## TASK STATEMENT
Required from the data below: the exact lines starting at the line containing "检查 binlog 文件名、位置是否正确;网络是否能" and ending at the line containing "Ремешок для часов", with both ends kept and all pictures dropped.

## DATA SECTION
■ ■ ■ ■ ■ ■ ■
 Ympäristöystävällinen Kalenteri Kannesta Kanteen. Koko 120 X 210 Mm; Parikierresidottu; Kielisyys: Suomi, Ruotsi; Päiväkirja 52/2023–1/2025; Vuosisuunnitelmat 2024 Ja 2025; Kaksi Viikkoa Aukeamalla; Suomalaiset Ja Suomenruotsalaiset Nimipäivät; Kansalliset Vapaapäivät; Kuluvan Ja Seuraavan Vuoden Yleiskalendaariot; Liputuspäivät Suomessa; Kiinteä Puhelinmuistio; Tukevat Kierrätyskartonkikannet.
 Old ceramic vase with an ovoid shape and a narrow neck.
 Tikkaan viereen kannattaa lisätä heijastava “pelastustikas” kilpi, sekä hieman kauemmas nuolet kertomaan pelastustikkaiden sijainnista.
■ ■ ■ ■ ■ ■ ■
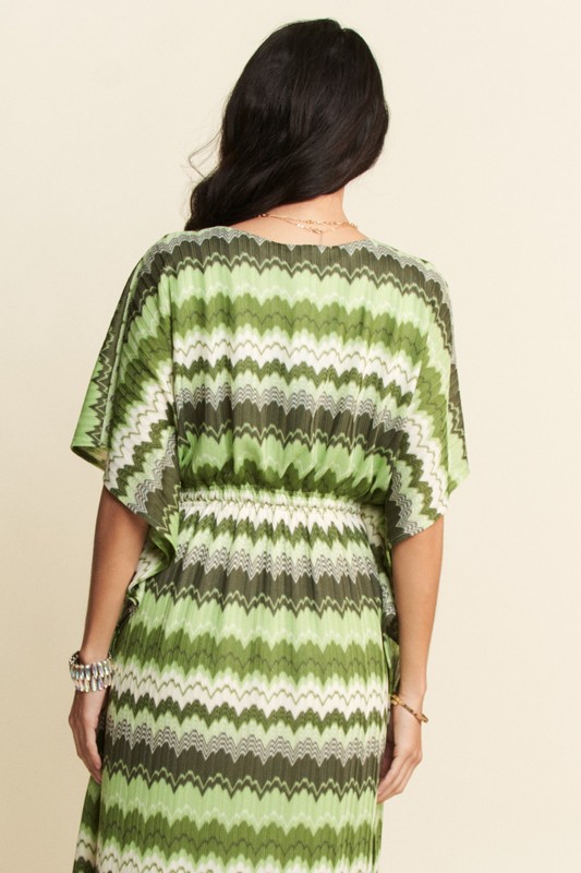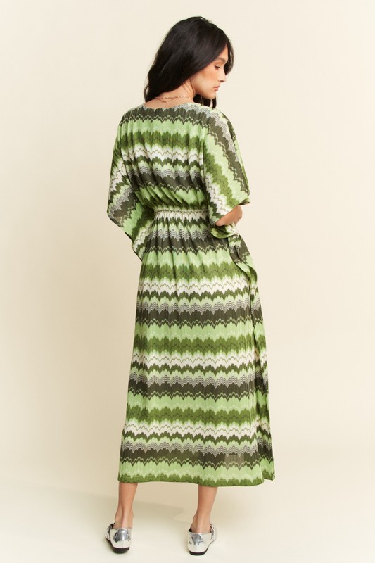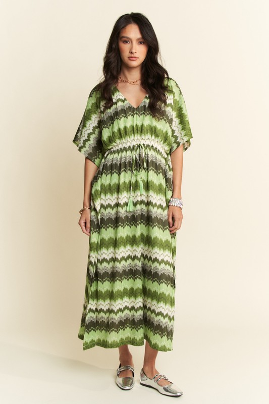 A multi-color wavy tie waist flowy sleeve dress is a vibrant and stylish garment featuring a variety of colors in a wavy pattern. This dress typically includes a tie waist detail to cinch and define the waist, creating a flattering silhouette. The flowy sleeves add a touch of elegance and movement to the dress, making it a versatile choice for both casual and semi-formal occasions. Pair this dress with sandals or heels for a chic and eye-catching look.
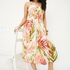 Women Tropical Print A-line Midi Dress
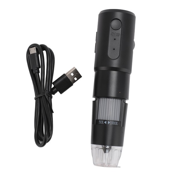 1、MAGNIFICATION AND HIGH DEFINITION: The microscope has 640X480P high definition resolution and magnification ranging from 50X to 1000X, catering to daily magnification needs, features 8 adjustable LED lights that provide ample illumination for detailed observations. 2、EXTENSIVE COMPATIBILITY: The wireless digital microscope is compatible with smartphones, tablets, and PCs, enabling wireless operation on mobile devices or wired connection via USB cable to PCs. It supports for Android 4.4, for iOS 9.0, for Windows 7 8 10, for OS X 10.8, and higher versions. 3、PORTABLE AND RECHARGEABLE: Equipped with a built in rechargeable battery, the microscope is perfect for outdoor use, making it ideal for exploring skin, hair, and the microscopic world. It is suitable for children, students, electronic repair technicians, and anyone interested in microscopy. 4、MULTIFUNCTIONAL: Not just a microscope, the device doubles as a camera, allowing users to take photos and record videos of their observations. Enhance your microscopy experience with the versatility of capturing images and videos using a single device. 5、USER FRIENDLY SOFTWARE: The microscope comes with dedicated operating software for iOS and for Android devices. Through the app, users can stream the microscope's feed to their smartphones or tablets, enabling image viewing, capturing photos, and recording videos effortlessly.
■ ■ ■ ■ ■ ■ ■
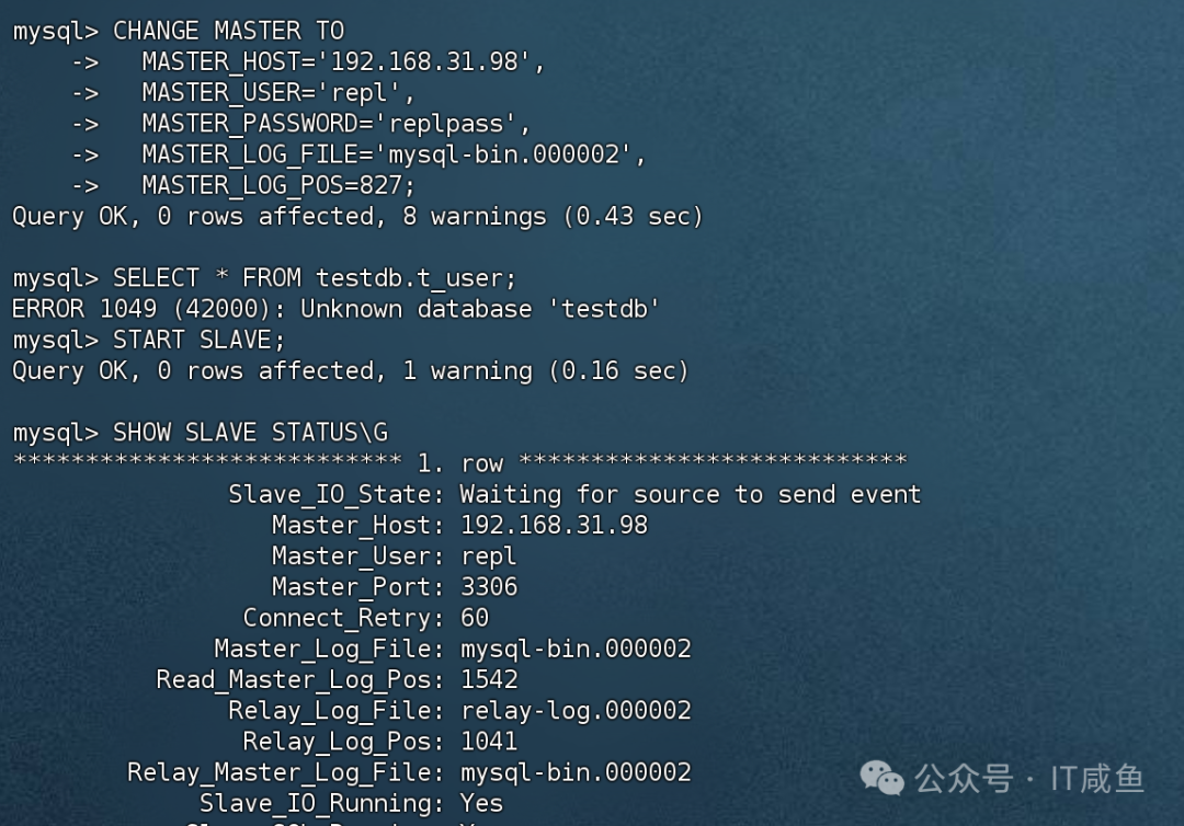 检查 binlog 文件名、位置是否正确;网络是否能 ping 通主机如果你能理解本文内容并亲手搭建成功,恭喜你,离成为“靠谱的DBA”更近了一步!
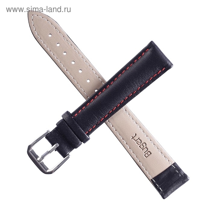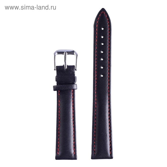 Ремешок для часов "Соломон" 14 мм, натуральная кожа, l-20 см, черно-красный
■ ■ ■ ■ ■ ■ ■
## EXPECTED OUTPUT
 检查 binlog 文件名、位置是否正确;网络是否能 ping 通主机如果你能理解本文内容并亲手搭建成功,恭喜你,离成为“靠谱的DBA”更近了一步!
 Ремешок для часов "Соломон" 14 мм, натуральная кожа, l-20 см, черно-красный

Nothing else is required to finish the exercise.